Segment Start: Given entries

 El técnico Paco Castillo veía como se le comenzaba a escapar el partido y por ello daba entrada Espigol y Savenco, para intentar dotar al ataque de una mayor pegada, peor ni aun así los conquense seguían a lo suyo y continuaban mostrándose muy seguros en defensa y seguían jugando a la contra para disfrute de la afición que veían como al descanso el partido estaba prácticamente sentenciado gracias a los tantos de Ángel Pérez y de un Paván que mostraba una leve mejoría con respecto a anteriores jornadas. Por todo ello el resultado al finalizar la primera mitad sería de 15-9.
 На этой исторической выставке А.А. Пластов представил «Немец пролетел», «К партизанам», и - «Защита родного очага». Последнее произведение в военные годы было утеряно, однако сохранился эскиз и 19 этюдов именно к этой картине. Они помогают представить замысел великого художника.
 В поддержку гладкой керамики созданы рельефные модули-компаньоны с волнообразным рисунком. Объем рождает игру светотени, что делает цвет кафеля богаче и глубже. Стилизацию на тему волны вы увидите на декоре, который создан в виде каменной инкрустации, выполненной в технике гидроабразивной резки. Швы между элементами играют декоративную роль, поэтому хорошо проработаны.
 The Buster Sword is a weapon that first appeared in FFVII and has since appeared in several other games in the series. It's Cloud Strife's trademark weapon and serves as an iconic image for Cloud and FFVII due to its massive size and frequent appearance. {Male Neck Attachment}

Segment End: Given entries
Segment Start: Given entries

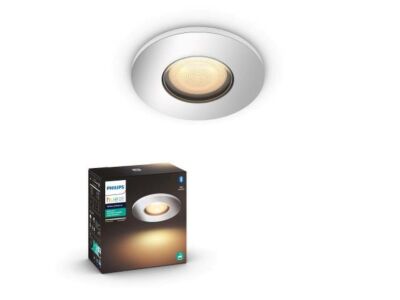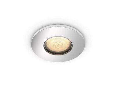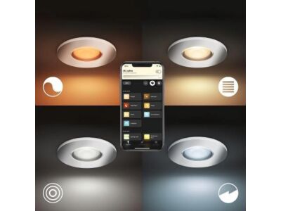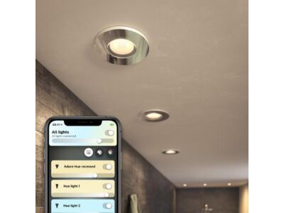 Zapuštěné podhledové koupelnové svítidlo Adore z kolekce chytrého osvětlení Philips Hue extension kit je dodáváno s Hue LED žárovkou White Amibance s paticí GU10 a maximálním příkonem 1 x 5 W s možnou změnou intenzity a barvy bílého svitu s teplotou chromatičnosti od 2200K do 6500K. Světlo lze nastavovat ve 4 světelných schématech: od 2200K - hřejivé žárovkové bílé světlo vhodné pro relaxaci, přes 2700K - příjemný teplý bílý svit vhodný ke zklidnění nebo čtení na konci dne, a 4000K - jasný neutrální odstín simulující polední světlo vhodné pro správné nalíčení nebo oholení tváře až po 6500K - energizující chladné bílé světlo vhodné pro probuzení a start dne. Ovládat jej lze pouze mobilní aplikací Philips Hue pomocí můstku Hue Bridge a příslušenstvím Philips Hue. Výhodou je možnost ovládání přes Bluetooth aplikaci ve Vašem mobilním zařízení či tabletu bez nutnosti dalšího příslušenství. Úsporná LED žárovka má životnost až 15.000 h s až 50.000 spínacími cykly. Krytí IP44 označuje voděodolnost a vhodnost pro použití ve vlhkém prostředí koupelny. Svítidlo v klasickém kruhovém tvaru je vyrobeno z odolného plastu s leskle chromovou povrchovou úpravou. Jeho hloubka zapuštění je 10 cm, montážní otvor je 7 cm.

Segment End: Given entries

# [What you have to do]
In the entries above, please find the line with "В поддержку гладкой" and the line with "The Buster Sword", then write out exactly those two lines and every line between them, and nothing more.

# [Result for this task]
 В поддержку гладкой керамики созданы рельефные модули-компаньоны с волнообразным рисунком. Объем рождает игру светотени, что делает цвет кафеля богаче и глубже. Стилизацию на тему волны вы увидите на декоре, который создан в виде каменной инкрустации, выполненной в технике гидроабразивной резки. Швы между элементами играют декоративную роль, поэтому хорошо проработаны.
 The Buster Sword is a weapon that first appeared in FFVII and has since appeared in several other games in the series. It's Cloud Strife's trademark weapon and serves as an iconic image for Cloud and FFVII due to its massive size and frequent appearance. {Male Neck Attachment}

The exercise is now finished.